[WORK ORDER] Below are entries. Give back exactly the lines from the one containing "John F. Kennedy" through the one containing "پمپ استخری 1", inclusive, without the pictures.

[DATA LISTING]
>>>>>

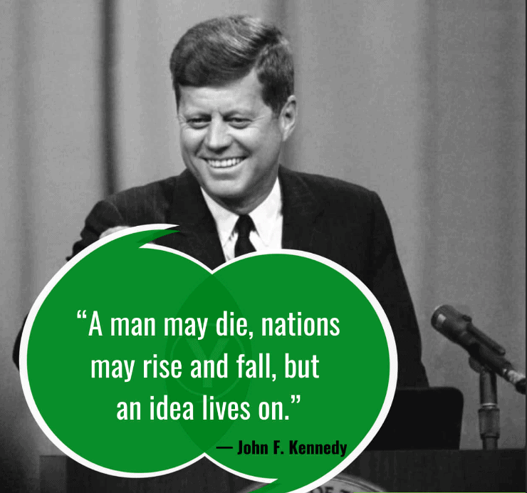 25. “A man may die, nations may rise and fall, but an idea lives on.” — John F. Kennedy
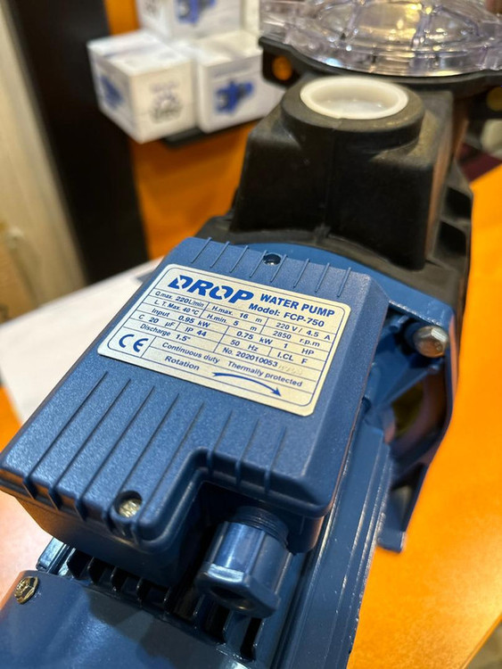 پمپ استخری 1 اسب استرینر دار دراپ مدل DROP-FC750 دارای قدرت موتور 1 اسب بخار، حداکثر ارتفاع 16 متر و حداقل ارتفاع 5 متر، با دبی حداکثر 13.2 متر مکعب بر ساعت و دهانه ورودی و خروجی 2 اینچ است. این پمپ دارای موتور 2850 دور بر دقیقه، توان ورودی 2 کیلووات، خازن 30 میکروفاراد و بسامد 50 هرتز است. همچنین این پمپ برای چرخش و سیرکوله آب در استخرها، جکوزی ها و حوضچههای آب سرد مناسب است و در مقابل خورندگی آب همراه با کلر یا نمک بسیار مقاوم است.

<<<<<
>>>>>

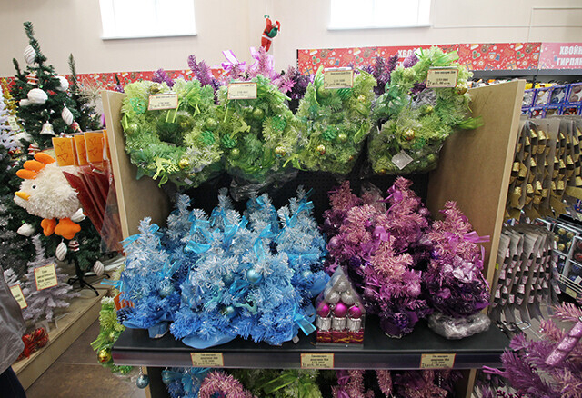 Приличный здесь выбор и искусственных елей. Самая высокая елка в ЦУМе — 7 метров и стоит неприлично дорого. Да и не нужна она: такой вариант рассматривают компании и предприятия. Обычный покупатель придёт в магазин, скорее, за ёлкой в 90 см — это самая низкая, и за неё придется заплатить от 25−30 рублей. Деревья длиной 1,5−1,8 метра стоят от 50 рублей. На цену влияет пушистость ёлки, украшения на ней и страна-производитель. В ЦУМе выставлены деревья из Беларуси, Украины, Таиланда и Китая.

<<<<<

[TASK ANSWER]
 25. “A man may die, nations may rise and fall, but an idea lives on.” — John F. Kennedy
 پمپ استخری 1 اسب استرینر دار دراپ مدل DROP-FC750 دارای قدرت موتور 1 اسب بخار، حداکثر ارتفاع 16 متر و حداقل ارتفاع 5 متر، با دبی حداکثر 13.2 متر مکعب بر ساعت و دهانه ورودی و خروجی 2 اینچ است. این پمپ دارای موتور 2850 دور بر دقیقه، توان ورودی 2 کیلووات، خازن 30 میکروفاراد و بسامد 50 هرتز است. همچنین این پمپ برای چرخش و سیرکوله آب در استخرها، جکوزی ها و حوضچههای آب سرد مناسب است و در مقابل خورندگی آب همراه با کلر یا نمک بسیار مقاوم است.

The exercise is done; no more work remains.